Krótki pobyt nad jeziorem, które słynne jest ze swojej Atlantydy, zatopionego miasta Werbellow? Jego mieszkańcy pławili się w luksusie i moralnej rozpuście, czym mieli sprowadzić na siebie nieszczęście... Dlaczego nie? Miejsca zdaje się nie brakować, pokoje czekają na gości, kuchnia gotowa do działania, lodówki pełne zapasów, recepcja służy pomocą, a sala balowa czeka na wieczorek zapoznawczy. Wszystko proste w formie kwadratu, kształtne socjalizmem i lekkim oddechem lat 30-tych minionego wieku. Znajdzie się nawet guru, gdyby było trzeba wyjaśnić parę spraw, nagłych emocjonalnych stanów, zawirowań czy retorycznych pytań. Na krótkie zauroczenie pomoże kolorowa wstążka, na poważne kłopoty woń kadzidełka i szelest wiatru.
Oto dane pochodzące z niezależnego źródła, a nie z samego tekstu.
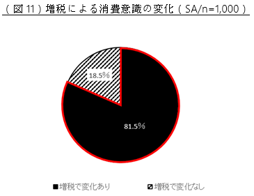 2019年10月の増税以降、消費に関する意識に変化があったかを質問したところ、81.5%の人が「増税で変化あり」と回答しました(図11)。

A gdy emocje sięgną zenitu można ochłodzić się wbiegając z własnej hotelowej plaży w jezioro tajemnicze. Kto potrafi może zanurkować, by zobaczyć na własne oczy resztki zatopionego miasta.
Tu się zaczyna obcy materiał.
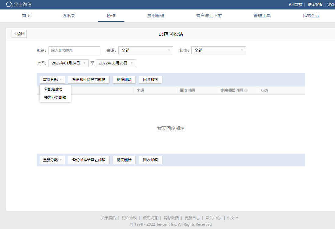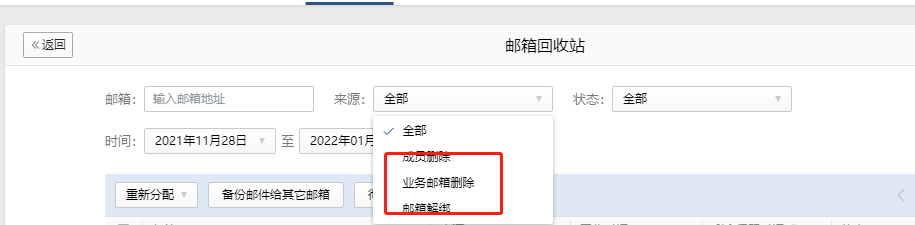 为了方便企业管理,简化管理功能,离职成员邮箱管理、待分配邮箱功能的历史数据移动至功能「邮箱回收站」下。删除成员账号、回收业务邮箱会进入邮箱回收站,管理员可通过回收站重新分配邮箱或备份邮件。

W 1957 roku otwarto w tym miejscu schronisko młodzieżowe, podobno w stylu lat 30-tych. W 1971 roku obiekt strawił pożar, przetrwał jedynie mały dom, który zabity pilśniowymi płytami stoi tu do dziś. Schronisko zostało dumnie rok później odbudowane, zmieniono tylko styl na socjalistyczny. Praktycznie prostokątny, skromny i funkcjonalny. Szybko stał się tzw. hotelem młodzieżowym. Otóż w jutrzence socjalizmu miała owa młodzież szczególne miejsce, który to fakt tutaj znalazł swój frywolny wyraz. Wszyscy pomiędzy 18 a 27 rokiem życia mogli zarezerwować sobie pobyt po dość niewielkiej scenie. Okazjonalność, co zapewne wpłynęło na zapewne beztroską atmosferę hotelu. Długie korytarze, niezliczone pokoiki, szumiące z rozmachem drzewa i błękitniejące za oknem jezioro.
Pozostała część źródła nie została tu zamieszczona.